We examine an ensemble of 48 simulated clusters to determine the effects of small-scale density fluctuations and large-scale substructure on X-ray measurements of the intracluster medium ( ICM ) mass .
We measure RMS density fluctuations in the ICM which can be characterized by a mean mass-weighted clumping factor C \equiv \langle \rho ^ { 2 } \rangle / \langle \rho \rangle ^ { 2 } between 1.3 and 1.4 within a density contrast of 500 .
These fluctuations arise from the cluster history of accretion shocks and major mergers , and their presence enhances the cluster ’ s luminosity relative to the smooth case .
We expect , therefore , that ICM mass measurements utilizing models which assume uniform density at a given radius carry a bias of order \sqrt { C } \approx 1.16 .
We verify this result by performing ICM mass measurements on X–ray images of the simulations and finding the expected level of bias .

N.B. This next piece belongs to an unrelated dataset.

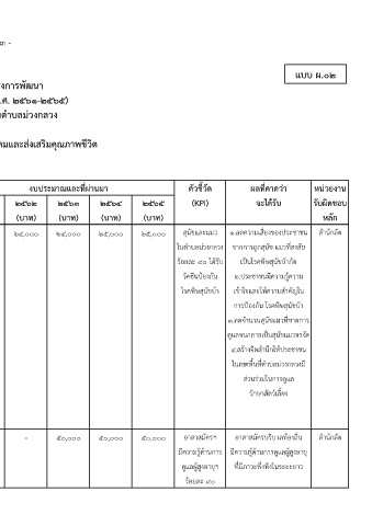 ที่ โครงการ/กิจกรรม วัตถุประสงค (ผลผลิตของโครงการ) ๒๕๖๑ ๒๕๖๒ ๒๕๖๓ ๒๕๖๔ ๒๕๖๕ (KPI) จะไดรับ รับผิดชอบ

The varied cluster morphologies in our ensemble also allow us to investigate the effects of departures from spherical symmetry on our measurements .
We find that the presence of large-scale substructure does not further bias the resulting gas mass unless it is pronounced enough to produce a second peak in the image of at least 1 % the maximum surface brightness .
We analyze the subset of images with no secondary peaks and find a bias of 9 % and a Gaussian random error of 4 % in the derived mass .